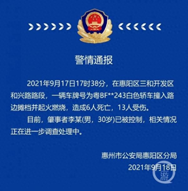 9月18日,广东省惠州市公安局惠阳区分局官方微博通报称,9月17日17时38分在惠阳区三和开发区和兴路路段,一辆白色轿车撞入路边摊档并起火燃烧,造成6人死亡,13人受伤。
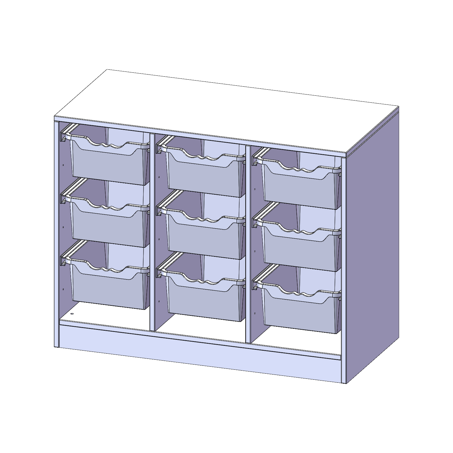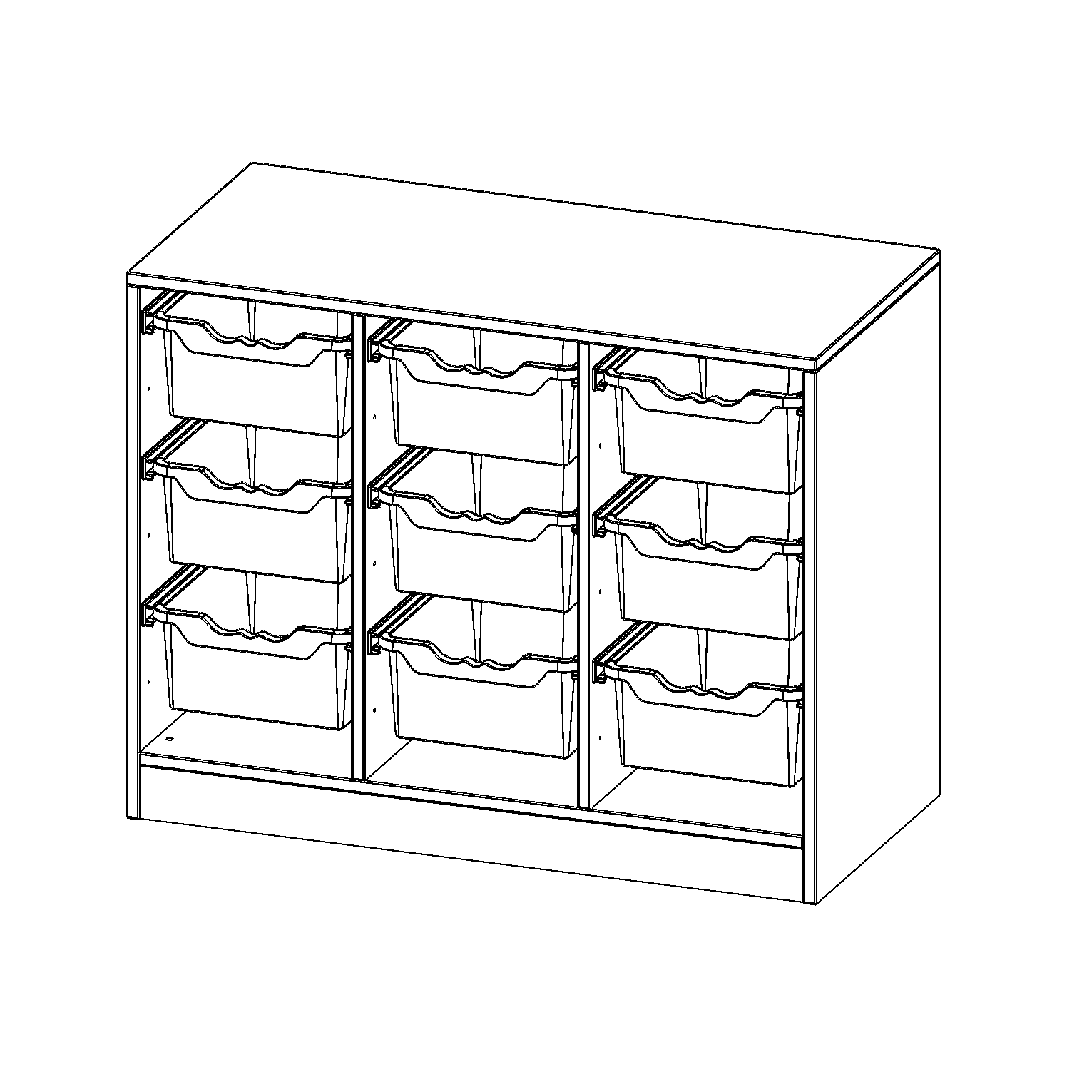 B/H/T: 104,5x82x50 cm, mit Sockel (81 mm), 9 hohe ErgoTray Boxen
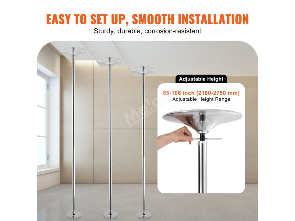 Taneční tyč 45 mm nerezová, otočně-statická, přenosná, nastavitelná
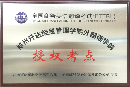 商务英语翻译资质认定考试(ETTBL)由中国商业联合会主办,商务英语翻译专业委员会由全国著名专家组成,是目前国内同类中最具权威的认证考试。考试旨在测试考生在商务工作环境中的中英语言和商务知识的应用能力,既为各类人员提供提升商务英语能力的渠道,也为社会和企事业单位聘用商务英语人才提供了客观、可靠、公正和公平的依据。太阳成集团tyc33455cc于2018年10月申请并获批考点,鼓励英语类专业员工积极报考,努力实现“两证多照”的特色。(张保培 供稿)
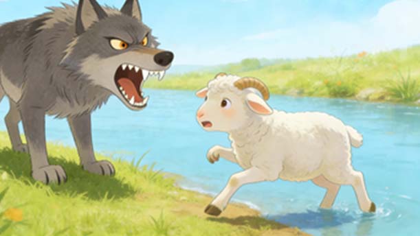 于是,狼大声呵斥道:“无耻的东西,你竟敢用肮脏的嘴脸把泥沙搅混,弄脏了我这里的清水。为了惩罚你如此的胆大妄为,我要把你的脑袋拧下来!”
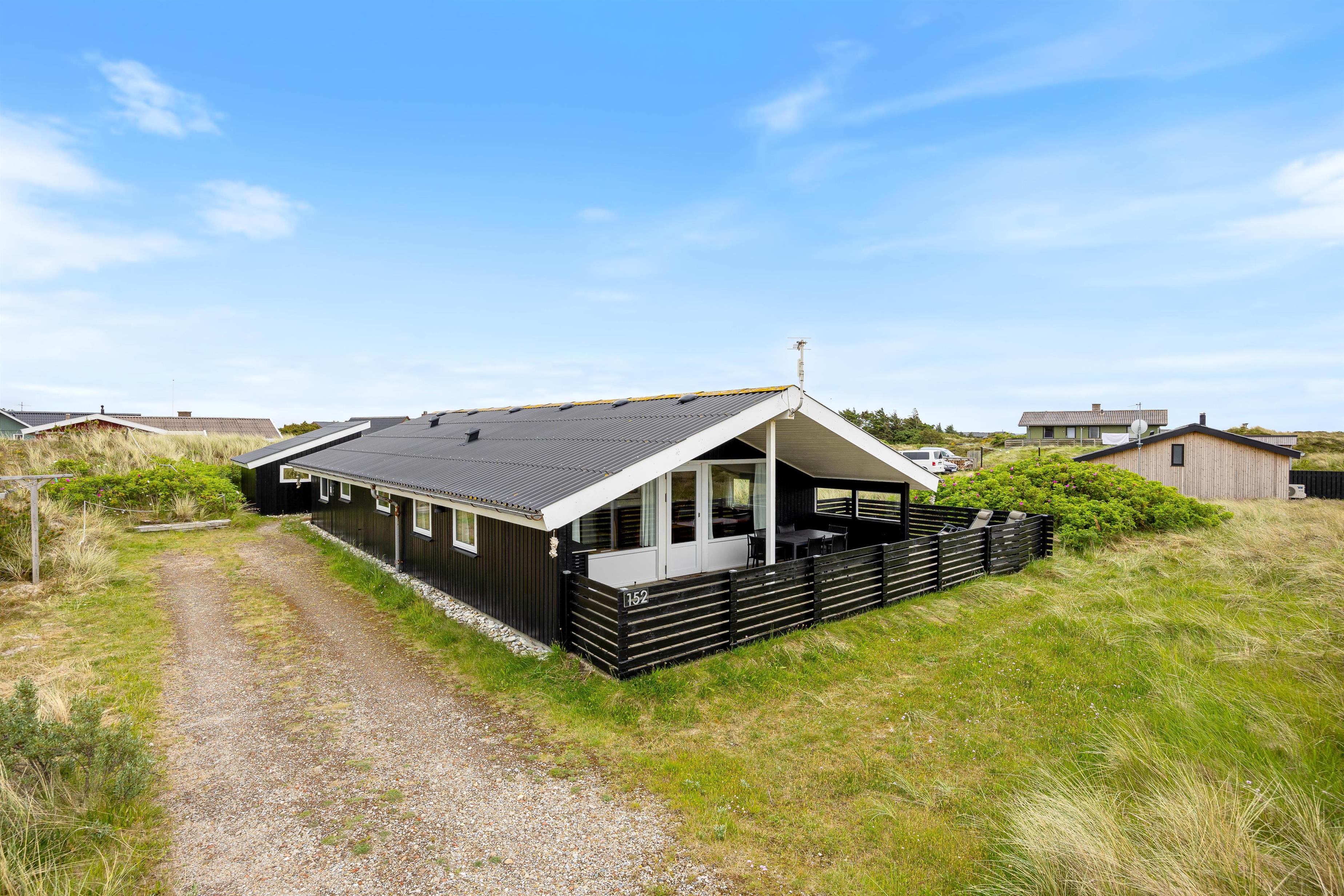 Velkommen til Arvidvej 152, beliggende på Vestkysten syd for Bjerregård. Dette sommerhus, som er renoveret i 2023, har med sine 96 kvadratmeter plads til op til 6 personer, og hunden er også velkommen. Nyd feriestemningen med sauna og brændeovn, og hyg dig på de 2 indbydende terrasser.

____

PROMPT: Exactly and only the lines from the top of the records down to the line containing "Taneční tyč 45" should be transcribed, please, without the pictures.

REPLY TO THE EXERCISE:
 9月18日,广东省惠州市公安局惠阳区分局官方微博通报称,9月17日17时38分在惠阳区三和开发区和兴路路段,一辆白色轿车撞入路边摊档并起火燃烧,造成6人死亡,13人受伤。
 B/H/T: 104,5x82x50 cm, mit Sockel (81 mm), 9 hohe ErgoTray Boxen
 Taneční tyč 45 mm nerezová, otočně-statická, přenosná, nastavitelná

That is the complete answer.